Demetrius was no common rover. He had been a young man of rare culture before misfortune struck him. He knew his Homer and his Plato as well as how to swing a sword. "Yet," as he remarked with half jest, half sigh, "all his philosophy did not make him one whit more an honest man."
And in his crew of Greeks, Orientals, and Spaniards were many more whom calamity, not innate wickedness, so Cornelia discovered, had driven to a life of violence and rapine.

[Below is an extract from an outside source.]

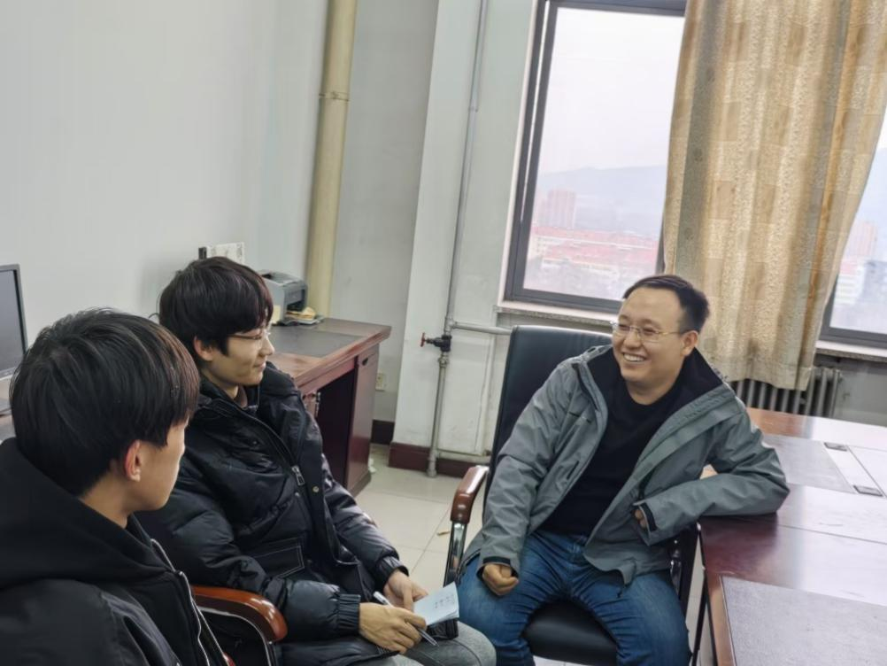 教师李治和学生进行了交流座谈。李老师从同学们学习生活中的小事切入,引出了“树立人生目标”及“大学时光应该如何规划”这两个问题。李老师通过分享个人经历和见解,帮助学生理解“上大学”的意义与价值,激发他们对生活的热情与追求。其次,李老师鼓励学生进行自我反思,探索个人的人生目标与价值观。两名学生畅所欲言,积极和李老师分享他们大学生活中参与的活动,以及他们在学习生活中的困惑。李老师首先对他们积极参与活动的行为进行了肯定和鼓励,并引导他们建立和谐的人际关系,学会与家人、朋友、老师和同学相处。这不仅能帮助学生理解人际关系的重要性,还能培养他们的社交能力,提升社会责任感,拓宽社会视野,帮助他们成为具有正确价值观和学业观的当代大学生。

Demetrius, too, gave no little heed to Artemisia. That pretty creature had been basking in the sunshine of Agias's presence ever since coming on shipboard. It was tacitly understood that Cornelia would care for the welfare and education of Pratinas's runaway, until she reached a maturity at which Agias could assert his claims. The young Hellene himself had been not a little anxious lest his cousin cast obstacles in the way of an alliance with a masterless slavegirl; for of late Demetrius had been boasting to his kinsman that their family, before business misfortunes, had been wealthy and honourable among the merchant princes of Alexandria. But the worthy pirate had not an objection to make; on the contrary, he would sit for hours staring at Artemisia, and when Agias demanded if he was about to turn rival, shook his head and replied, rather brusquely:—
"I was only thinking that Daphne might be about her age, and look perhaps like her."
"Then you do not think your little daughter is dead?" asked Agias, sympathetic, yet personally relieved.

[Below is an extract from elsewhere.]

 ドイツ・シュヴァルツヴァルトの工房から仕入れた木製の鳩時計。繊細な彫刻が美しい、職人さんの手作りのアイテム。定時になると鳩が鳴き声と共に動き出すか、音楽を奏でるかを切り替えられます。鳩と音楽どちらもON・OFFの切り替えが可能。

"I know nothing, nothing," replied his cousin, a look of ineffable pain passing over his fine features; "she was a mere infant when I was arrested. When I broke loose, I had to flee for my life. When I could set searchers after her, she had vanished. Poor motherless thing; I imagine she is the slave of some gay lady at Antioch or Ephesus or Rome now."
"And you do not know who stole her?" asked Agias.
"Don't tear open old wounds," was the retort. "I know nothing. I think—but it matters little what I think. There was that sly-eyed, smooth-tongued Greek, like that Phaon who met his deserts, who was no stranger to Domitius's blackmailings. I feel that he did it. Never mind his name. If ever I get the snake into my power—" and Demetrius's fingers tightened around the thick, hard cable he was clutching, and crushed the solid hemp into soft, loose strands; then he broke out again, "Never mention this another time, Agias, or I shall go mad, and plunge down, down into the waves, to go to sleep and forget it all!"
Agias was faithful to the injunction; but he observed that Demetrius showed Artemisia the same attention as Cornelia, albeit mingled with a little gracious and unoffending familiarity.